Why I believe that Microsoft and Yahoo! are dying

I use the Internet everyday. The two most things I do is checking emails and searching for information. For these two purposes, Microsoft and Yahoo are completely useless for me. I don't have to tell you Google is the best. But, there is a bigger application on which Microsoft and Yahoo! is dying, the social networking. Microsoft and Yahoo! can't make their services sticky to users by integrating their services. And, they can't follow the trends, like iPhone or Ajax.

Stickiness 

When I say social networking, I mean everything between me and friends in the cyber space, photos, videos, status, instant messages, blogs, etc. You may say, well, Microsoft and Yahoo! have them all. Right, the problem is that they didn't integrate them well.

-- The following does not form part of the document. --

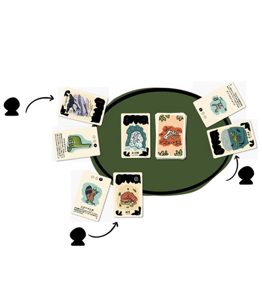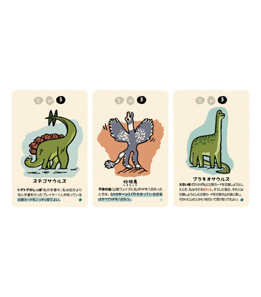 全員が手番を一度行い、一番小さな数字の災害カードを持っている人がHPを1点失います。ただし、恐竜たちはそれぞれ固有の能力を持っており、災害カードの効果との組み合わせによって、最小値が繰り上がったり、HPを2点失ったり、強い数字が0扱いになったりするため、選んだ数字が大きいから生き残れるとは限りません。誰かの恐竜のHPが0になったら、その時点で生き残っていたプレイヤーが全員勝利となります。なんとかしてピンチを乗り切り、少しでも長く生き残りましょう!

Google integrates all these services very well. An instant messenger has no difference with an email. Thus, the chat log is an email. If I am offline and my friend send me a message, it will become an email for me. If my friend is lazy, they can leave me a voice message, even through telephone via Google Voice, and it will become an MP3 file in my Gmail. I just need to click the "Play" button inside my email.

My Gmail contacts are my contacts for everything, my Google Docs, my Google Talk, etc. I don't have to maintain different contact lists for different purposes.

For Facebook, everything is also integrated. I can share everything with my friends on Facebook. You must have seen "Share on Facebook" button on many news websites. They can stalk my life pretty well in Facebook.

One thing drives me crazy is that in Microsoft and Yahoo!, every service they provide is discrete. My instant messaging contacts are not the same as my Email contacts. The message people send me on their social website is not part of my email.

The trend: iPhone and Ajax

In the iPhone/iPod Touch era, I haven't heard any Microsoft or Yahoo! iPhone/iPod Touch application (let's call it iApp) or anyone using such an iApp. I use my iPod Touch as a portable Internet terminal. Google and Facebook have free iApps then I use their services.

Another trend is the Ajax technology. Very apparently, Microsoft and Yahoo! 's Ajax has many bugs, including the incompatibility with some browsers - I seriously mean Firefox, Chrome or Safari. And their Ajax sometimes fails on my browsers - maybe even the simple login at Microsoft Hotmail. The real Ajax program is like Google and Facebook's user interface, fast, small and neat.

So, they are dying. And don't worry. Just let them die - I have no stock share on them.